Try it ::
All entries need to be written out again exactly, without their pictures.

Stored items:
/---
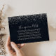 Este cartão de inclusão de desejo de lua de mel com caligrafia em confete prateado é perfeito para um casamento rústico. O design simples e elegante apresenta tipografia clássica e sofisticada com um fundo azul e confete prateado.
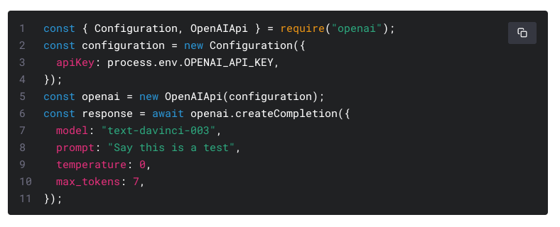 OpenAI의 API는 간단합니다. 어떤 모델(model)인가, 들어가는 인풋(prompt), 그리고 랜덤함을 조절하는 온도(temperature), 최대 길이(max_tokens) 정도 밖에 없죠.
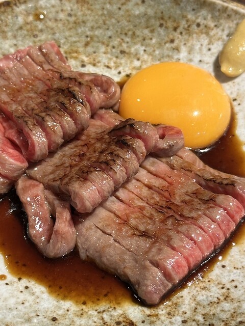 【レアステーキユッケ】鮮度がいいからこそできる一品!柔らかさとタレとの相性最高で白米が欲しくて欲しくてたまりませんでした...(オプションは冷麺にしたので白米はおあずけ...)
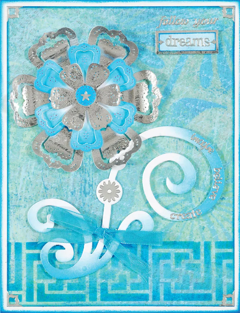 Ink a 1 1/8”x3/8” white, mat on silver with a 1/16” border, place “dreams” Dazzles™ on it and foam tape to card. Place “follow your” Dazzles™ and other Dazzles™ as shown.
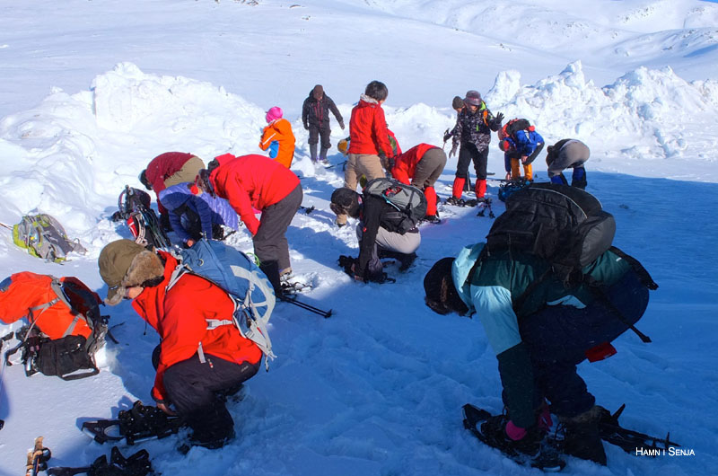 ca. 5-std. Ausflug mit einer anspruchsvollen Schneeschuhwanderung in die arktische Wildnis am Abend inkl. Ausrüstung, Snacks & Getränken
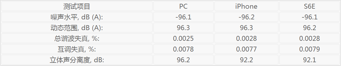 在客观测试中,我们使用无负载下的-10dBV输入规范,配合E-MU 1616m对输入信号进行分析。测试只对3.5mm接口的非平衡输出进行。而至于数字输出部分,会在下一篇测评中再谈。测试在Windows10、macOS10.12、iOS10、Android7下完成。电脑使用Surface Pro4、“带把”的Macbook Pro13,手机为iPhone、iPad Pro12和三星Galaxy S6edge。
\---
Response for this exercise ::
 Este cartão de inclusão de desejo de lua de mel com caligrafia em confete prateado é perfeito para um casamento rústico. O design simples e elegante apresenta tipografia clássica e sofisticada com um fundo azul e confete prateado.
 OpenAI의 API는 간단합니다. 어떤 모델(model)인가, 들어가는 인풋(prompt), 그리고 랜덤함을 조절하는 온도(temperature), 최대 길이(max_tokens) 정도 밖에 없죠.
 【レアステーキユッケ】鮮度がいいからこそできる一品!柔らかさとタレとの相性最高で白米が欲しくて欲しくてたまりませんでした...(オプションは冷麺にしたので白米はおあずけ...)
 Ink a 1 1/8”x3/8” white, mat on silver with a 1/16” border, place “dreams” Dazzles™ on it and foam tape to card. Place “follow your” Dazzles™ and other Dazzles™ as shown.
 ca. 5-std. Ausflug mit einer anspruchsvollen Schneeschuhwanderung in die arktische Wildnis am Abend inkl. Ausrüstung, Snacks & Getränken
 在客观测试中,我们使用无负载下的-10dBV输入规范,配合E-MU 1616m对输入信号进行分析。测试只对3.5mm接口的非平衡输出进行。而至于数字输出部分,会在下一篇测评中再谈。测试在Windows10、macOS10.12、iOS10、Android7下完成。电脑使用Surface Pro4、“带把”的Macbook Pro13,手机为iPhone、iPad Pro12和三星Galaxy S6edge。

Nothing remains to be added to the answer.